Cutting off the flow of certain goods from China, as well as depriving North Korea of the sizable Chinese market for its own products, has been disastrous for North Koreans making their living in the emerging market economy. But Pyongang and Beijing shut down the border in January due to the onset of the coronavirus, exacerbating the struggle even further.

“Residents have no other choice than to take the risk of contacting their relatives in the outside world to maintain their livelihoods,” the third source said.

Many families in border areas have a relative who works outside of the country, sending them remittance payments worth many times what they could possibly earn at home. Some of these remittances even come from South Korea via China through brokers who arrange the transfer of funds for a hefty percentage of the amount sent.
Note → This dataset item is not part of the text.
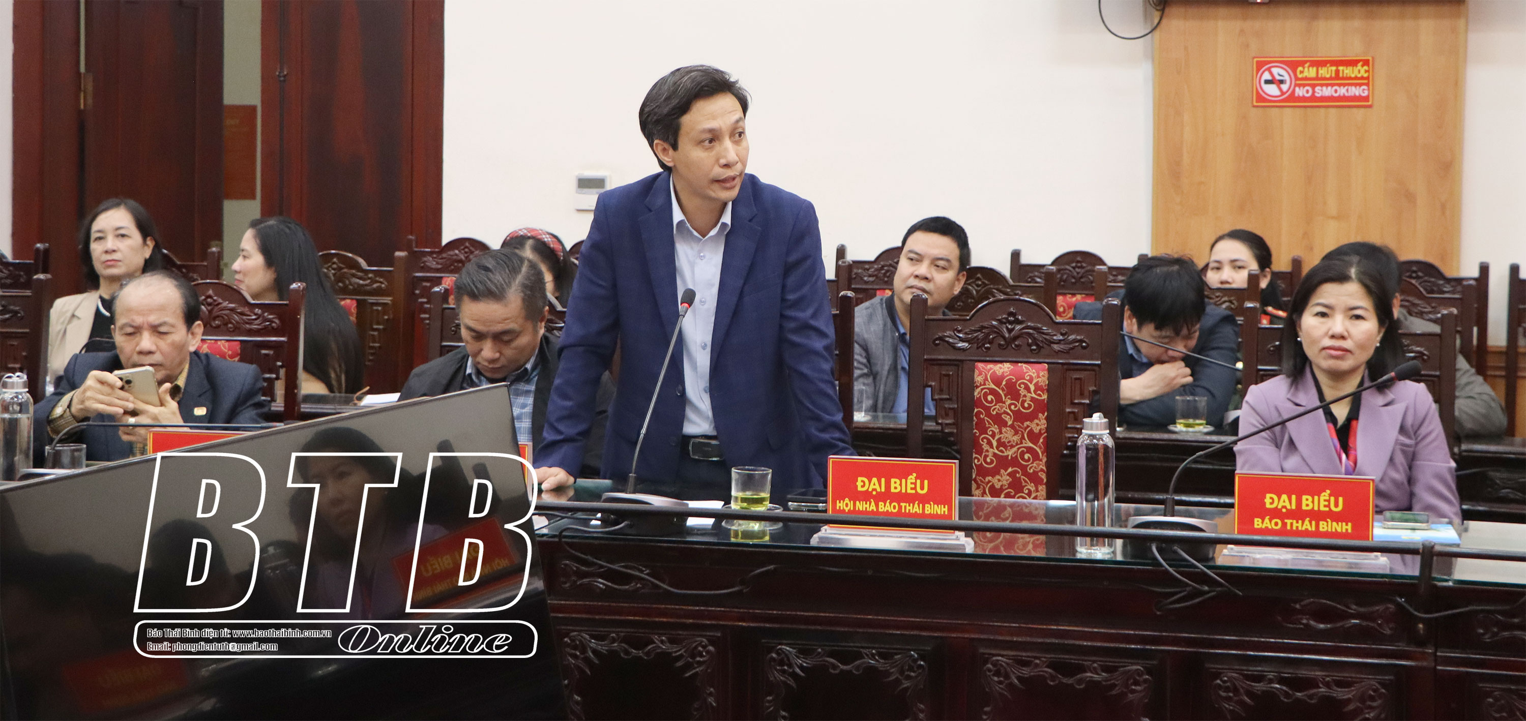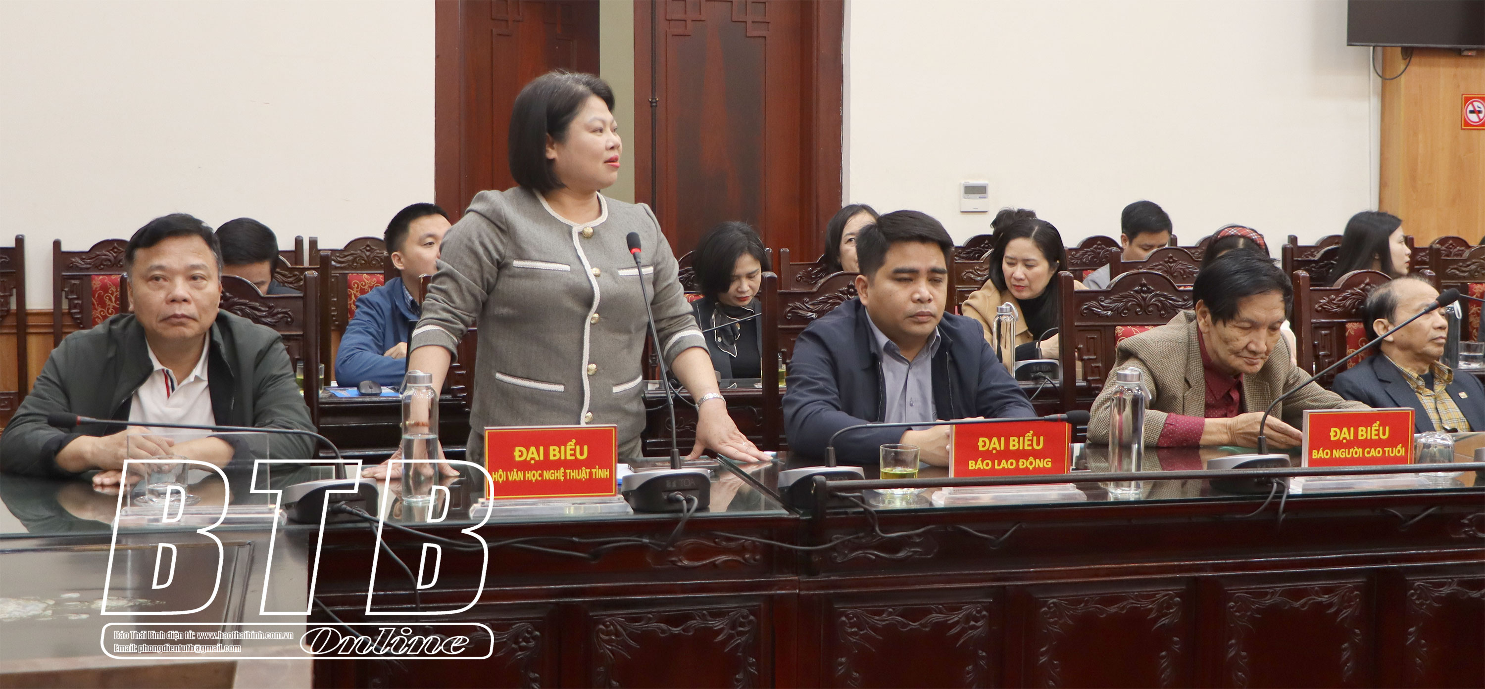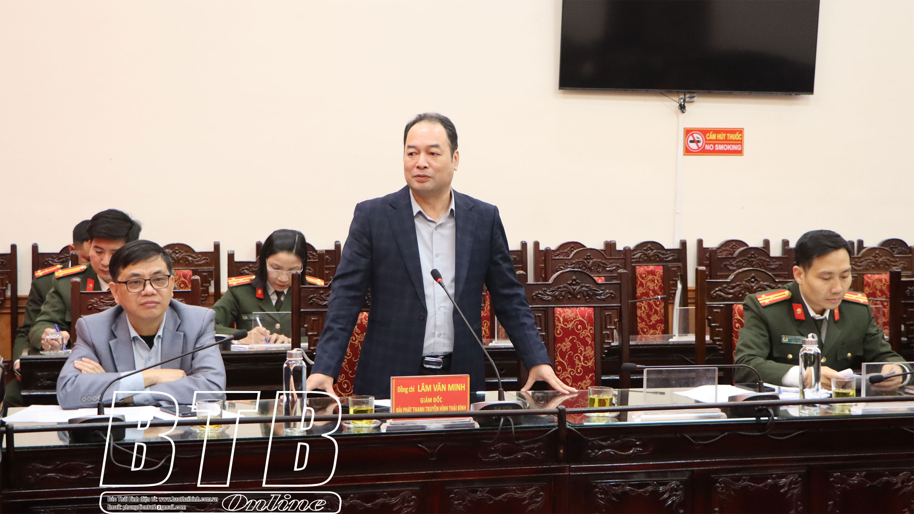 Lãnh đạo Đài Phát thanh và Truyền hình Thái Bình phát biểu tại buổi gặp mặt.

Authorities have in the past looked the other way in exchange for small bribes, but a recent heightening of tensions on the peninsula, for which Pyongyang blames its former citizens in the South, has resulted in increased scrutiny for those receiving money from family abroad.

“So these days the latest detection equipment has been distributed to security authorities all over the North Korea-China border area, and many of the residents who used to contact the outside world by illegal phone have been arrested and are in trouble,” the third source said.
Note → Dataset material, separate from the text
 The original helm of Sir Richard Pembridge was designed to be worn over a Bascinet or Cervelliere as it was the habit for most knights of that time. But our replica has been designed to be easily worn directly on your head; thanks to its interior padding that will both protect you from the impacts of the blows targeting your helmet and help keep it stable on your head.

“The crackdown and surveillance on illegal phone usage is stronger now than it ever has been.”

North Korea’s state-run Korea Central News Agency (KCNA) reported in January last year that the government declared the death anniversary of Kim Il Sung (1912-94), as well as that of his son and successor Kim Jong Il (1942-2011), as national memorial days.
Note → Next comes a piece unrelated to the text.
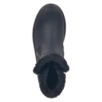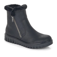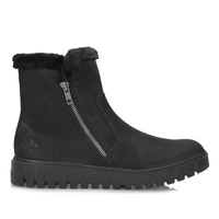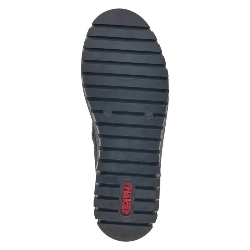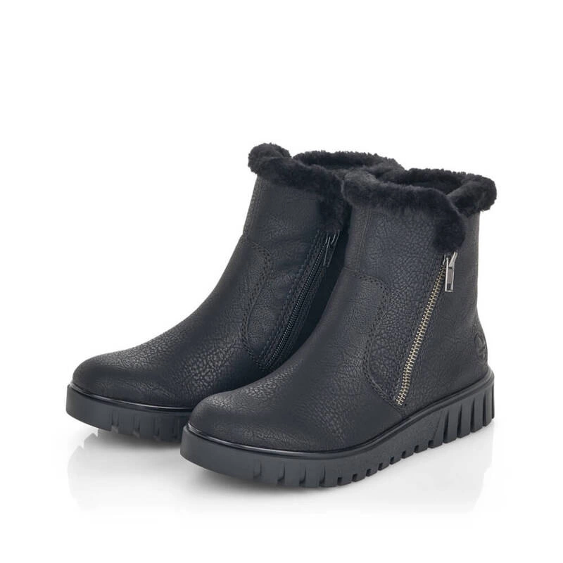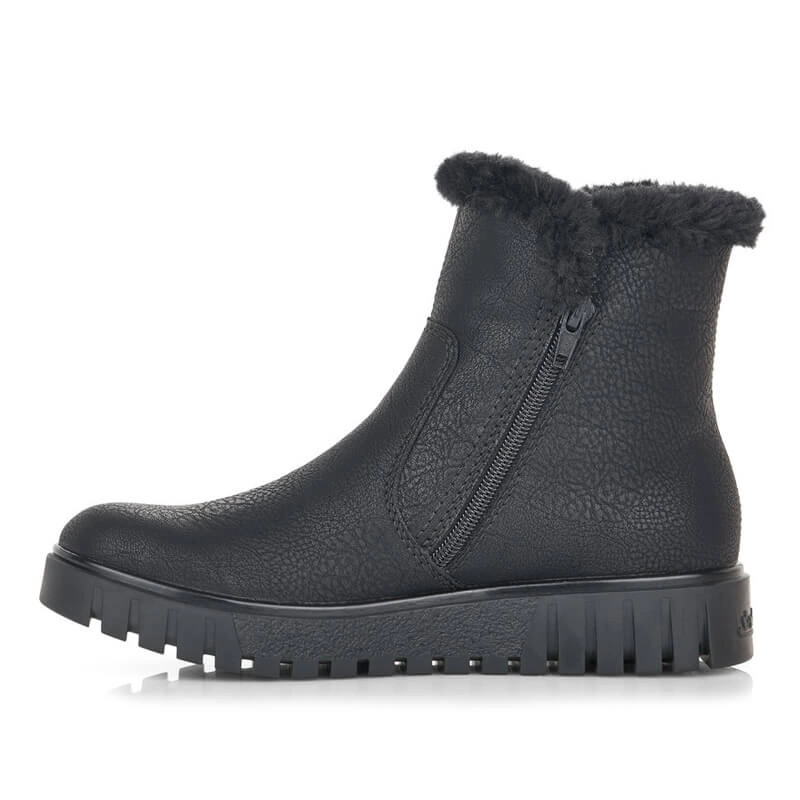 Najnowsza propozycja damskich botków zimowych marki Rieker. Cholewka wykonana została z wysokiej jakości skóry ekologicznej w klasycznym czarnym kolorze. Środek wyściełany ciemną ociepliną, która zapewni ciepło w chłodniejsze dni. Grubsza podeszwa wykonana z wysokogatunkowego tworzywa odpornego na ścieranie. Model za kostkę. Zamek znajdujący się z boku cholewki zapewni szybsze założenie oraz ściągnięcie obuwia. Okrągły nosek pozwoli na swobodne rozłożenie palców wewnątrz obuwia. Przeszycia na cholewce dodają obuwiu nietuzinkowego wyglądu. Idealnie sprawdzą się w codziennym użytkowaniu.

The eldest Kim’s anniversary was designated a “special guard week” during which residents’ movement is restricted and their homes are inspected by neighborhood watch units. The issuance of travel certificates, necessary even for domestic destinations, is restricted during the mourning period.

Facts and figures

In an October 2019 report, the Washington-based Committee for Human Rights in North Korea (HRNK) estimated total net emigration from North Korea between 1990 and 2018, saying the number of North Koreans leaving their country and never returning was likely over 50,000.

The report noted that the U.S. Census Bureau in 2010 estimated net-out migration from North Korea to be at around 40,000 people, with HRNK estimating more than 10,000 escaping between 2010 and 2018.

HRNK’s report said that illegal border crossing from North Korea to China peaked at around 100,000 per year in 1998 or 1999 during a period of famine and economic collapse in North Korea, with numbers steadily declining since. Most of these returned to North Korea, either on their own accord, or were deported by Chinese authorities.

Of the more than 50,000 who have not returned to North Korea, more than 33,000 ended up in South Korea since 1998 according to statistics from the South Korean Ministry of Unification, including more than 12,000 between 2011 and 2019.

The number of North Koreans entering the South to seek refuge peaked at just under 3,000 in 2009 and has trended downward to slightly more than 1,000 in 2019.